Concernant le sponsoring, c'est plus compliqué et lié aussi au contexte économique (et politique). Beaucoup d'entreprises ont coupé les budgets de sponsor, et même retiré les déplacements de leurs salariés aux conférences, qui étaient jusque-là entièrement payées.
Peut-être que revenir aussi à des formats démat, comme cela s'est fait durant le covid, pourrait aider à relancer la machine ?
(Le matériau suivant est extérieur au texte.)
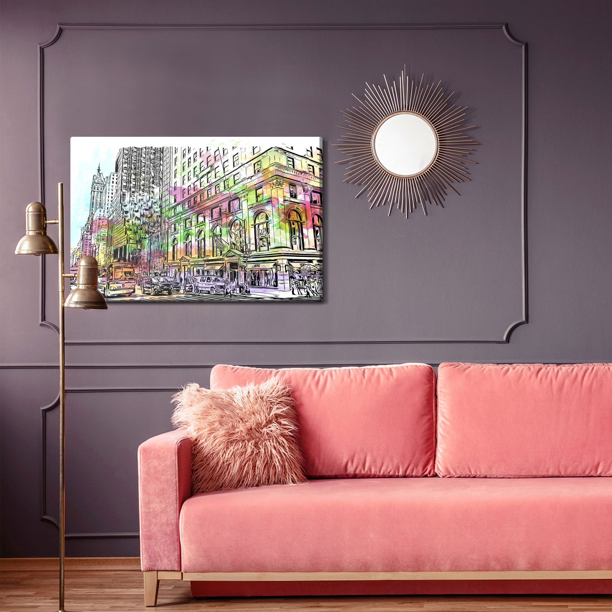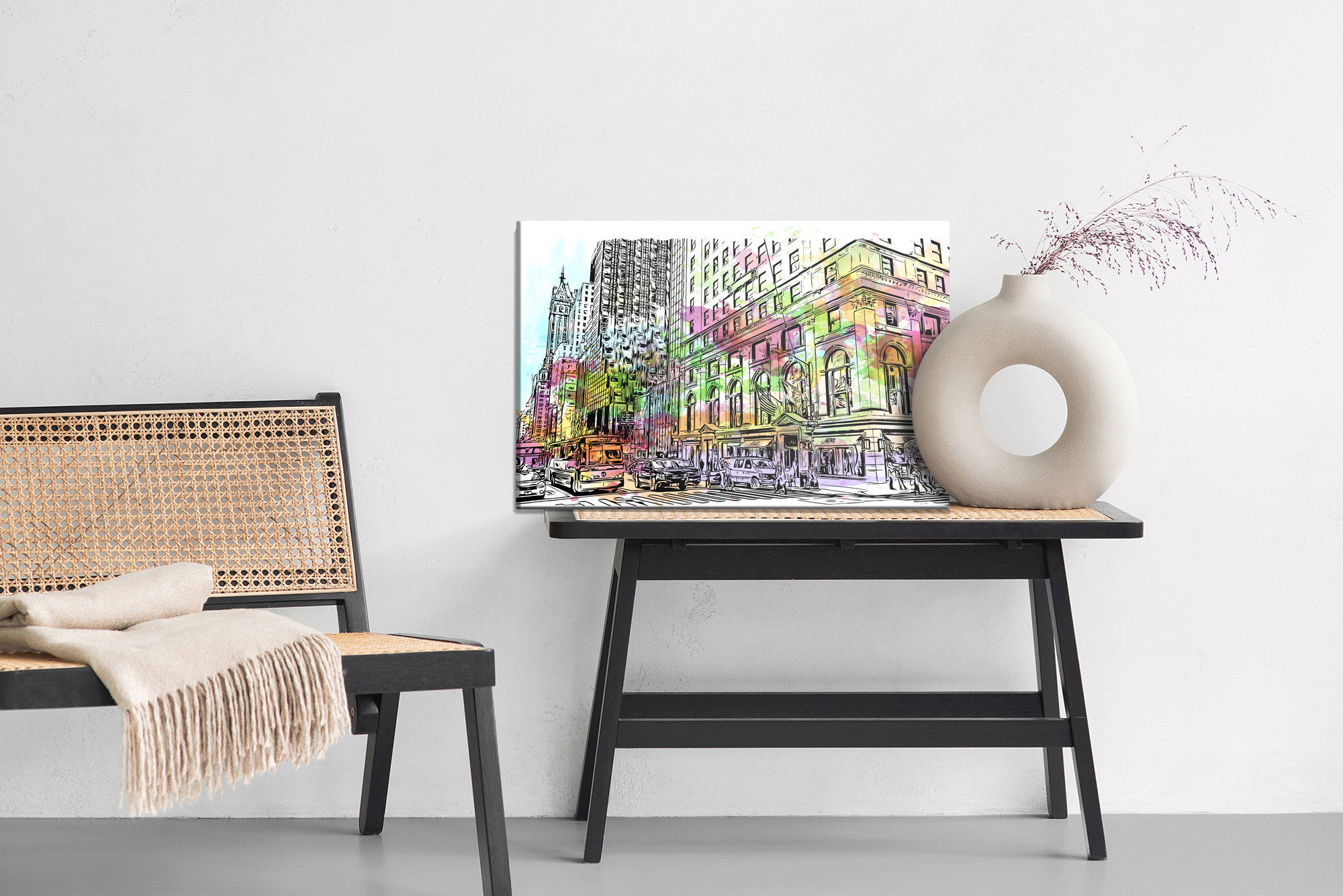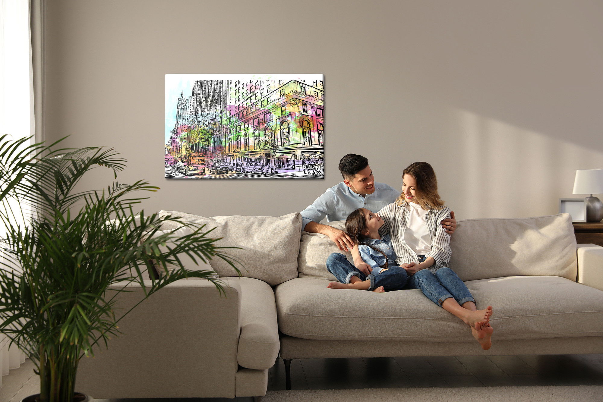 Motivet New York city buildings återges med hög färgprecision och detaljrikedom tack vare HP Latex-teknologi. Trycket sker med vattenbaserade, luktfria och GREENGUARD Gold-certifierade bläck som ger en upplösning på upp till 300 DPI. Färgerna är UV-beständiga och behåller sin styrka även i ljusa rum, vilket gör tavlan lämplig för både hem- och offentliga miljöer.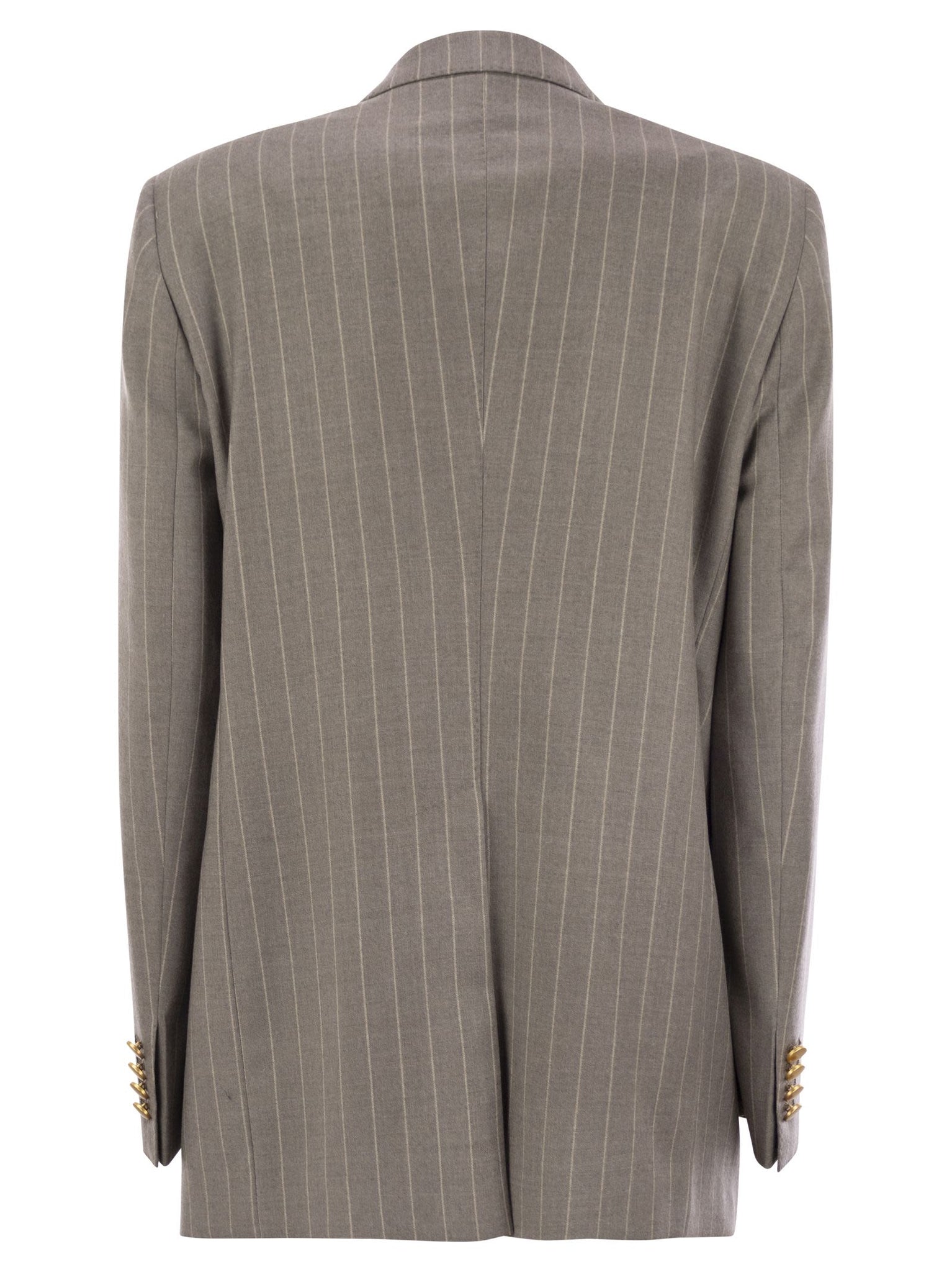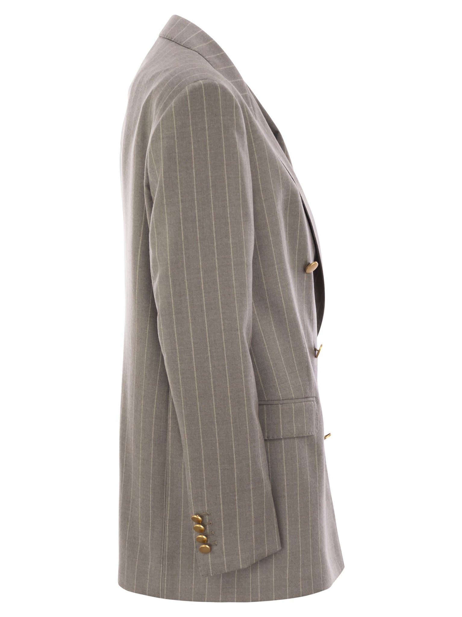 Make your wardrobe unique with elegant garments like this strestch wool blazer from the Tagliatore collection. A femininity that at times draws from the masculine, the usual attention to detail, starting with the precise choice of the double-breasted to the proportionate cuts of the jackets, this is the spirit of the maison. Made in Italy, it is a tailored double-breasted model with peaked lapels, flap pockets on the front and a pinstripe pattern. - Lance lapels - Low pockets - Regular fit - Double-breasted closure DESIGNER ID: JJASMINE10B150150R24I330 T1353

Edit : et ce n'est pas une critique envers les bénévoles/salariés des asso concernées, qui font un travail de dingue pour tenir ces événements du mieux qu'ils peuvent.
À l'instant
Éviter ce phénomène n'est pas simple. C'est amusant car j'ai lu récemment un entretien de Anne Nicolas (qui organise la conférence Kernel recipes concernant le noyau Linux à Paris chaque année). Voici l'extrait concernant cette problématique justement :
Source : https://www.projets-libres.org/podcast/73-kernel-recipes-conference-noyau-france/
Elle essaye aussi de féminiser les présentations même si c'est délicat. C'est en tout cas à titre personnel la meilleure conférence professionnelle à laquelle j'ai pu assister.
Je suis presque sûr qu'elle pourrait en raconter des choses intéressantes concernant cette activité à Next, si jamais.